Your task:
Exactly as written, copy every line from the one containing "5月28日,在浙江省湖州市長" through the end of the records, with the pictures left out.
Segment Start: Information supplied
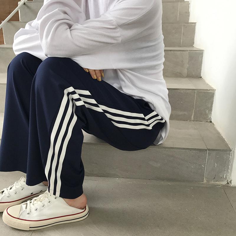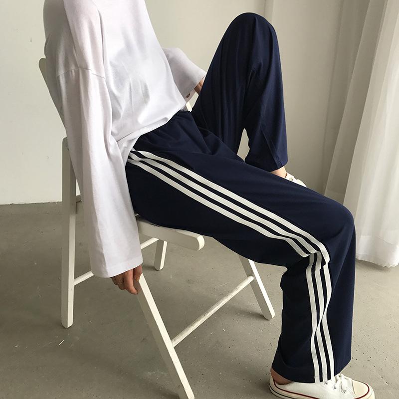 Pantalones deportivos casuales a rayas 2025 para mujer, modernos, finos, adelgazantes, de pierna ancha y con múltiples combinaciones, pantalones rectos pequeños.
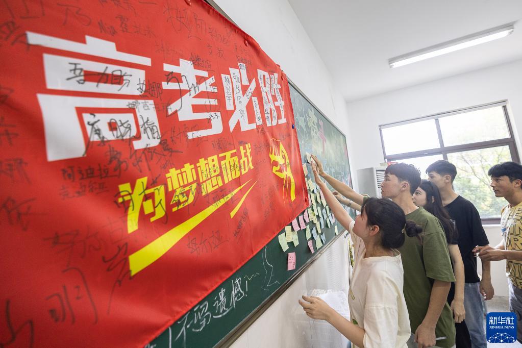 5月28日,在浙江省湖州市長興縣職業(yè)技術(shù)教育中心學(xué)校,高三學(xué)生在黑板上粘貼高考寄語。
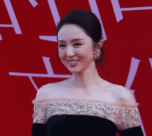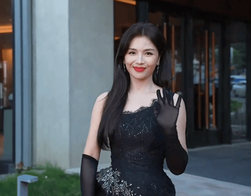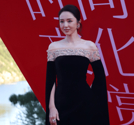 46岁的董璇还是很漂亮,一袭黑色一字肩裙勾勒出她的好身材。
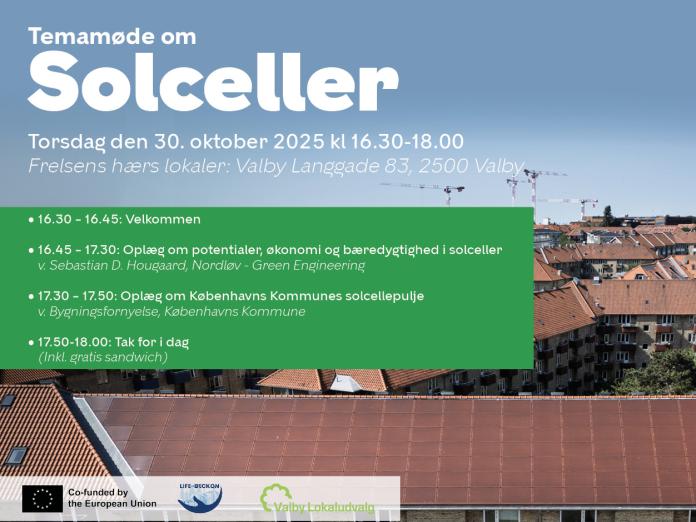 Valby lokaludvalg og Københavns Kommune sætter fokus på solceller i byen. Kom og bliv klogere på hvordan du og din boligforening kan sætte solceller op.
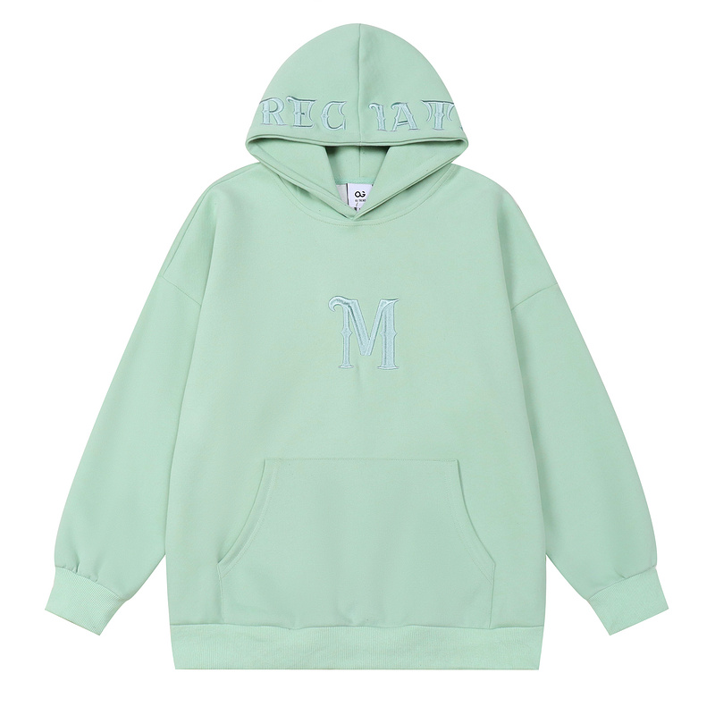 Мятное с вышитой буквой "М" спереди ACQT хлопковое худи
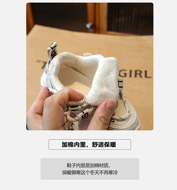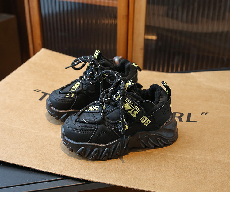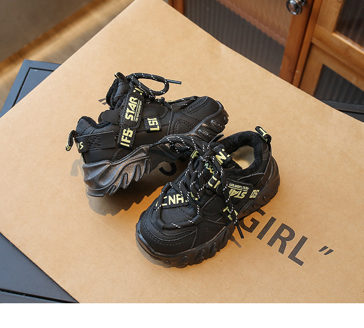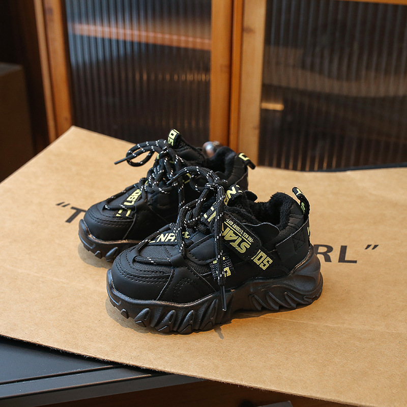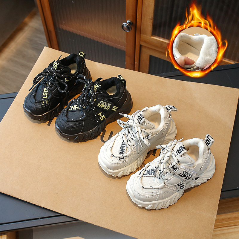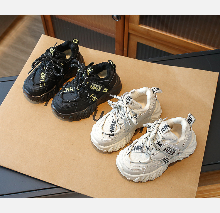 Обувь папы для мальчиков 2024 осень и зима новая детская теплая и бархатная спортивная обувь
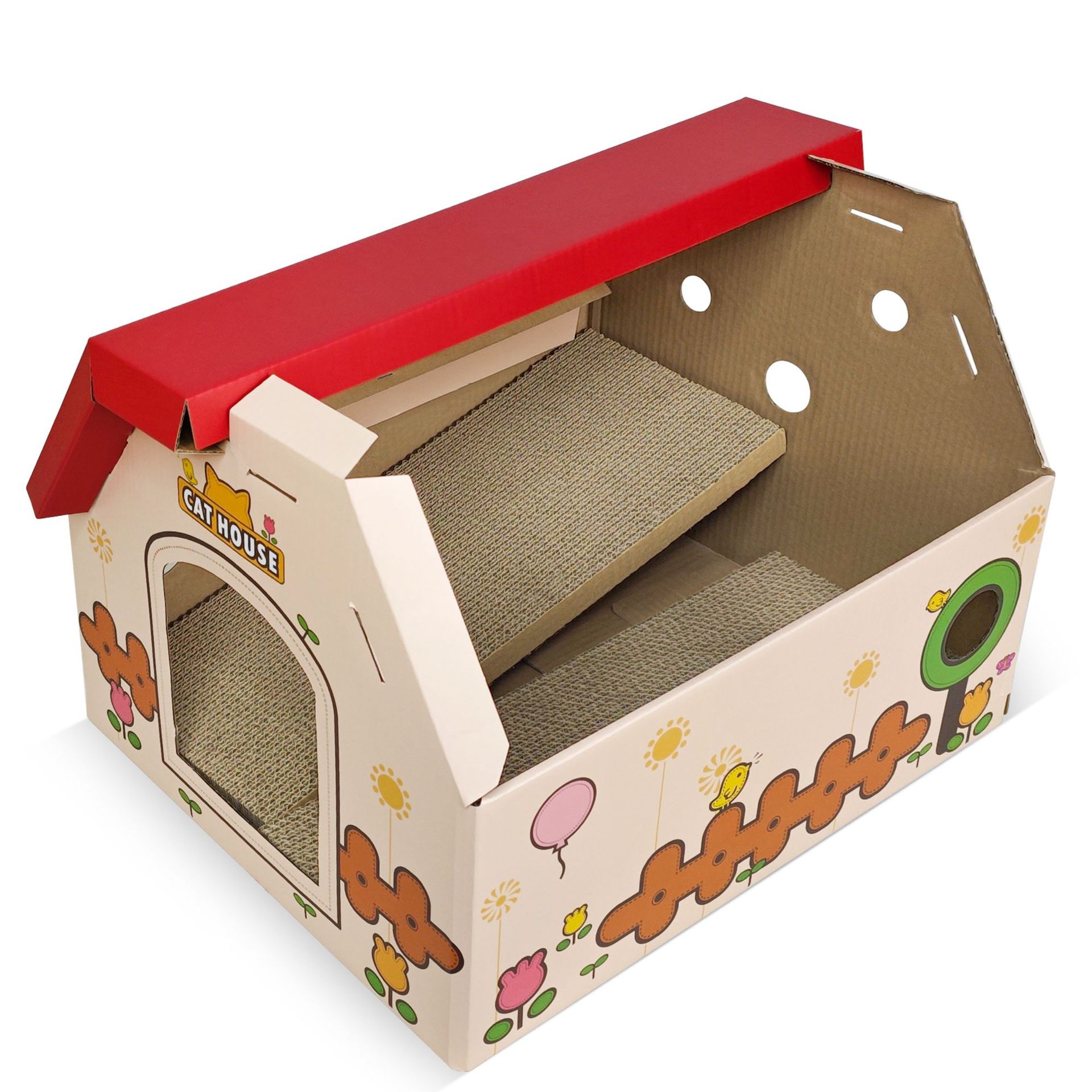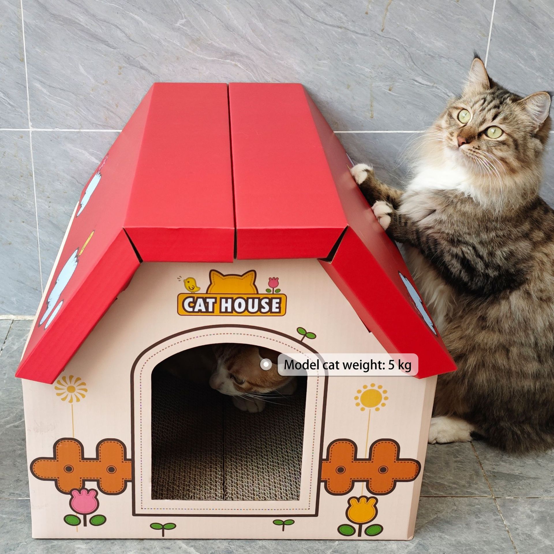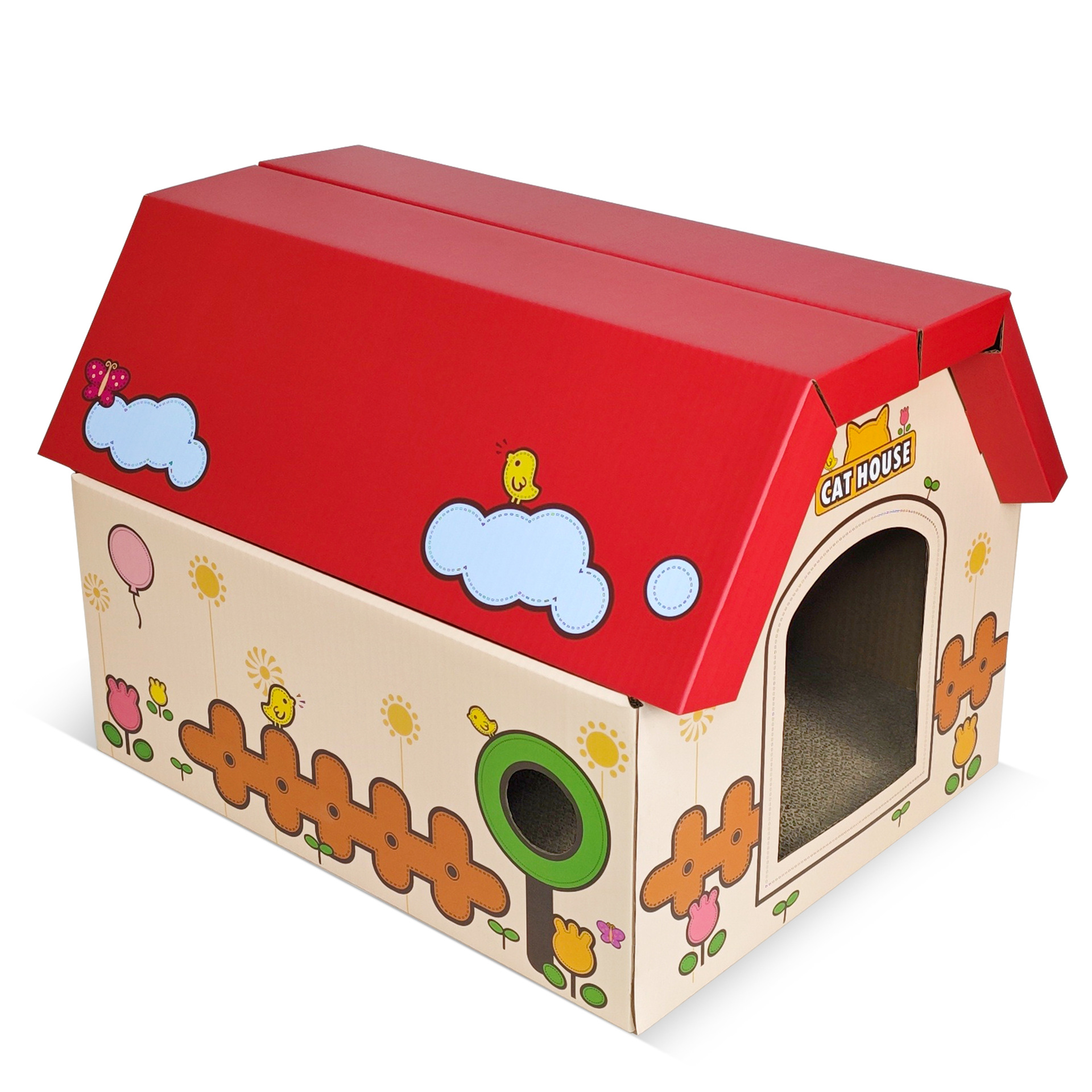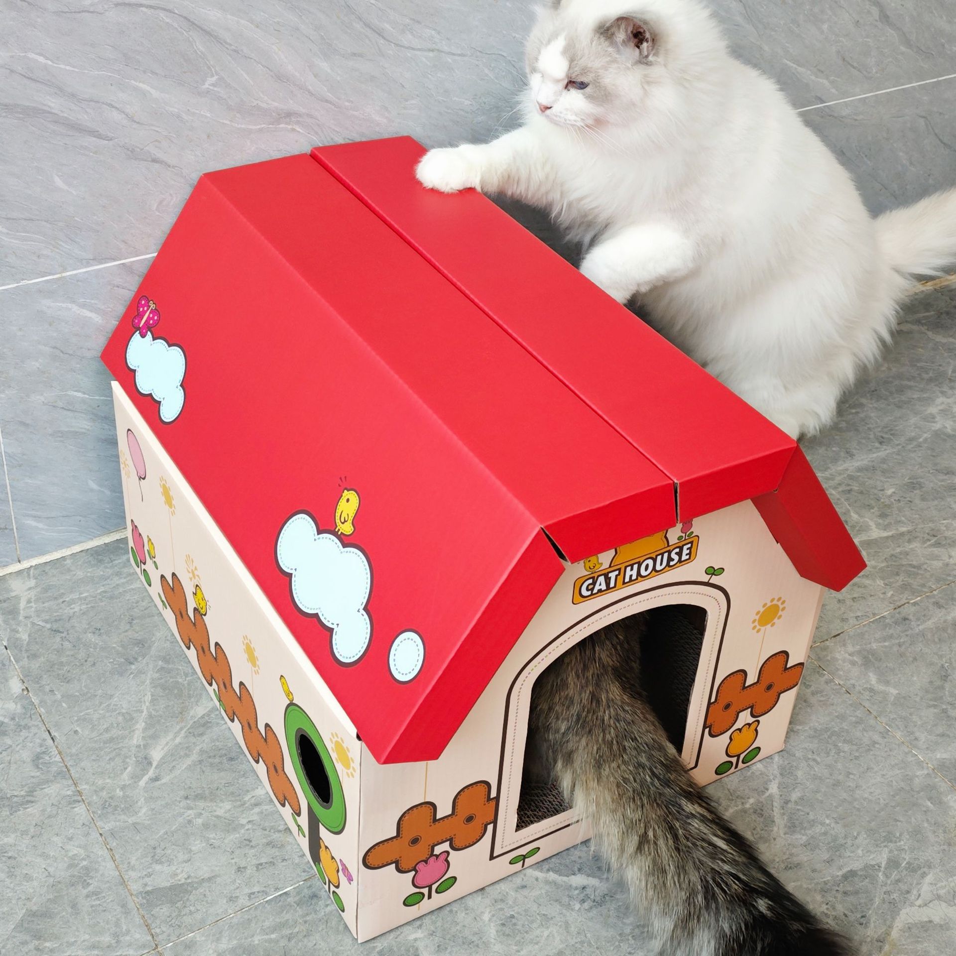 골판지 고양이 긁기 보드 고양이 둥지 고양이 긁기 보드 교체 가능한 접이식 교통 국경 간 폭발 레드 플랫 탑 하우스
Segment End: Information supplied
Response:
 5月28日,在浙江省湖州市長興縣職業(yè)技術(shù)教育中心學(xué)校,高三學(xué)生在黑板上粘貼高考寄語。
 46岁的董璇还是很漂亮,一袭黑色一字肩裙勾勒出她的好身材。
 Valby lokaludvalg og Københavns Kommune sætter fokus på solceller i byen. Kom og bliv klogere på hvordan du og din boligforening kan sætte solceller op.
 Мятное с вышитой буквой "М" спереди ACQT хлопковое худи
 Обувь папы для мальчиков 2024 осень и зима новая детская теплая и бархатная спортивная обувь
 골판지 고양이 긁기 보드 고양이 둥지 고양이 긁기 보드 교체 가능한 접이식 교통 국경 간 폭발 레드 플랫 탑 하우스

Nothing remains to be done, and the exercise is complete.